= Beginning of Section =

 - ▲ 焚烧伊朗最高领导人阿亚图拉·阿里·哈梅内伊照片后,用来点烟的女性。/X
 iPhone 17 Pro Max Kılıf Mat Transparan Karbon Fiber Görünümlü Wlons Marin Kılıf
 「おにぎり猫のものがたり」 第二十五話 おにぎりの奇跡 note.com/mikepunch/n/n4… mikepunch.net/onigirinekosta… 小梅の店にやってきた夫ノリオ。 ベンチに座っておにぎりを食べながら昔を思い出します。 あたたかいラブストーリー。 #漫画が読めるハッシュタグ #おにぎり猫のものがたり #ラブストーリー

= End of Section =
= Beginning of Section =

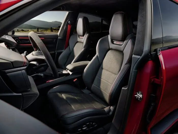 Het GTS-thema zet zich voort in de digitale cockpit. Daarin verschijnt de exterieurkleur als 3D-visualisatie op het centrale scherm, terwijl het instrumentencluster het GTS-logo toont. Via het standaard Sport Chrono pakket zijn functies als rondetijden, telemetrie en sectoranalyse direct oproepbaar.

= End of Section =

* _Your task_
Look above for the line with "iPhone 17 Pro"; retype exactly that line, every line after it up to the line with "#漫画が読めるハッシュタグ #おにぎり猫のものがたり #ラブストーリー", and that line too, nothing else.

* _Final answer_
 iPhone 17 Pro Max Kılıf Mat Transparan Karbon Fiber Görünümlü Wlons Marin Kılıf
 「おにぎり猫のものがたり」 第二十五話 おにぎりの奇跡 note.com/mikepunch/n/n4… mikepunch.net/onigirinekosta… 小梅の店にやってきた夫ノリオ。 ベンチに座っておにぎりを食べながら昔を思い出します。 あたたかいラブストーリー。 #漫画が読めるハッシュタグ #おにぎり猫のものがたり #ラブストーリー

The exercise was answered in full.